A Valbonne dans les Alpes-Maritimes, la société Iris Expertise fait face à la situation sanitaire et pense à l’avenir, tout comme Alpinia Finance basée à Paris qui continue son activité, notamment avec sa plateforme en ligne Activeseed. Les deux cabinets croient fortement à la combinaison du digital et de la relation personnalisée pour asseoir le développement de la gestion de patrimoine de demain. L’Assurance en Mouvement poursuit sa série des sociétés de gestion de patrimoine en temps de crise avec Florence Bicheray et Grégoire Dauge. Deux visions complémentaires du métier.

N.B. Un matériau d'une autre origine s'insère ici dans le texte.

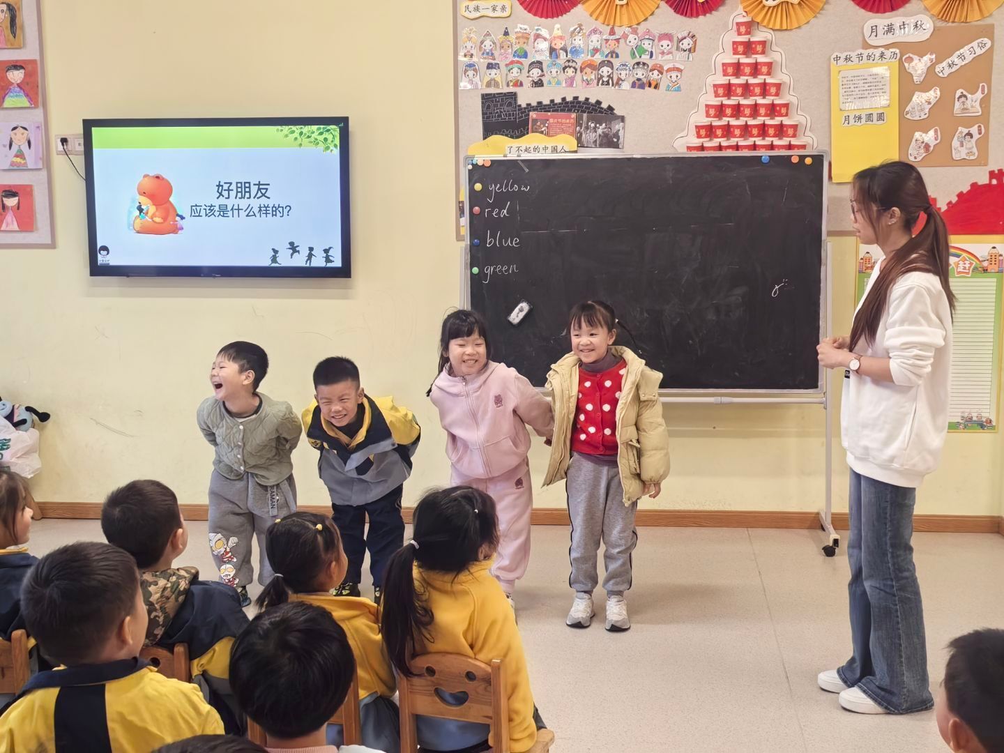 课堂上,异科导师学生作为授课助教,分工明确、配合默契:郭贵明、胡景鹏负责协助讲师开展互动游戏,发放卡通贴纸奖励积极参与的孩子;吴妮洲、刘松、卢籽江则重点关注内向幼儿的参与情况,耐心引导他们表达想法,及时解答孩子们的疑问。孩子们在游戏互动中积极举手、大胆回应,原本严肃的安全知识在趣味体验中被轻松吸收,现场气氛热烈而有序。杨倩老师全程观察课堂动态,适时给予指导,确保教学效果落到实处。
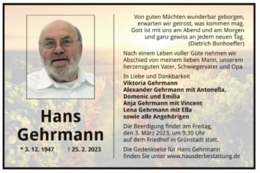 gestorben am 25. Februar 2023 in Grünstadt

L’Assurance en Mouvement : Comment-vous êtes-vous organisés depuis la mi-mars pour continuer à exercer votre activité ?
Florence Bicheray : Depuis la mi-mars, je suis en arrêt d’activité pour ALD. Malgré cette situation un peu spécifique, je continue d’assurer le suivi des clients mais je ne fais plus d’affaires nouvelles ; les propositions d’investissements en cours début mars ont toutes été annulées ou reportées à des périodes plus sereines. Les échanges se font par e-mail et par téléphone. En cas de besoin, les souscriptions peuvent s’effectuer par voie digitale, solution déjà utilisée depuis deux ans au sein du cabinet avec des compagnies d’assurance.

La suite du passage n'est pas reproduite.